Creating a State Space of Stem Cell Signatures

Speaker Details:

Rick Horwitz
Allen Insitute for Cell Science

Lecture Details:

April 18, 2019
12:30 p.m.
Executive Director, PhD

Abstract:

pending

Speaker Bio:

“Alan “Rick” Horwitz is the inaugural Executive Director of the Allen Institute for Cell Science in Seattle. The mission of the institute is to conjoin genome-editing, live cell imaging, genomics, deep learning and computation to create a human stem cell state space and elucidate the mechanisms of state transitions. Rick earned his BA with honors (chemistry (math)) in the Honors Program at the University of Wisconsin, received his Ph.D. in Biophysics at Stanford, and did post-doctoral research at UC Berkeley (NMR).
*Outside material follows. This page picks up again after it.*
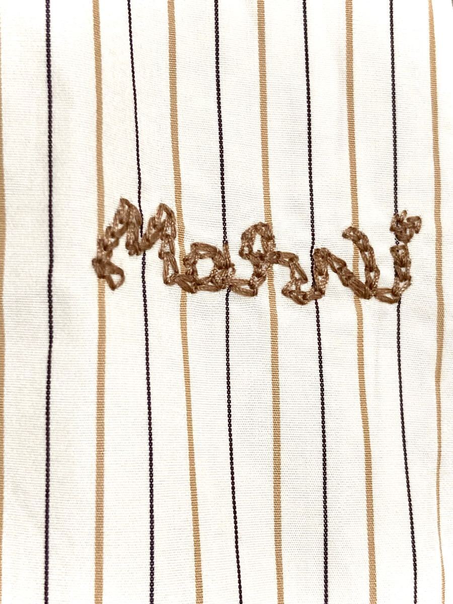シンプルなストライプ柄のシャツ生地のプルオーバー シャツです。

He has held faculty positions at UPenn, where he chaired the undergraduate Biophysics Program and served as the Associate Director of the Medical Scientist Training Program, the University of Illinois, where he was the Head of a newly created cell and developmental biology department and PI of an NIGMS Cell and Molecular Biology Training grant, and the University of Virginia School of Medicine, where he was Harrison Distinguished Professor, University Professor, Director of the Cell Migration Consortium, a large scale, international, and interdisciplinary collaboration, and Associate Vice President for Biosciences, where he led the planning for its new Data Science Institute.
Rick is a pioneer in the fields of cell adhesion and migration and has also made important contributions to quantitative live cell imaging and synapse formation in the CNS. His research impacts many biological processes, therapeutic strategies, and diseases, including cancer, neurogenesis, inflammation, and tissue regeneration and repair. He has been active in grant and program review through service on study sections and institutional, NIH, and agency strategic planning and advisory committees both here and in Europe. He has served in editorial capacities for the major journals in his field, on the Council of the American Society for Cell Biology, the Advisory Council of the National Institute of General Medical Sciences, and most recently on the NIH’s Council of Councils.”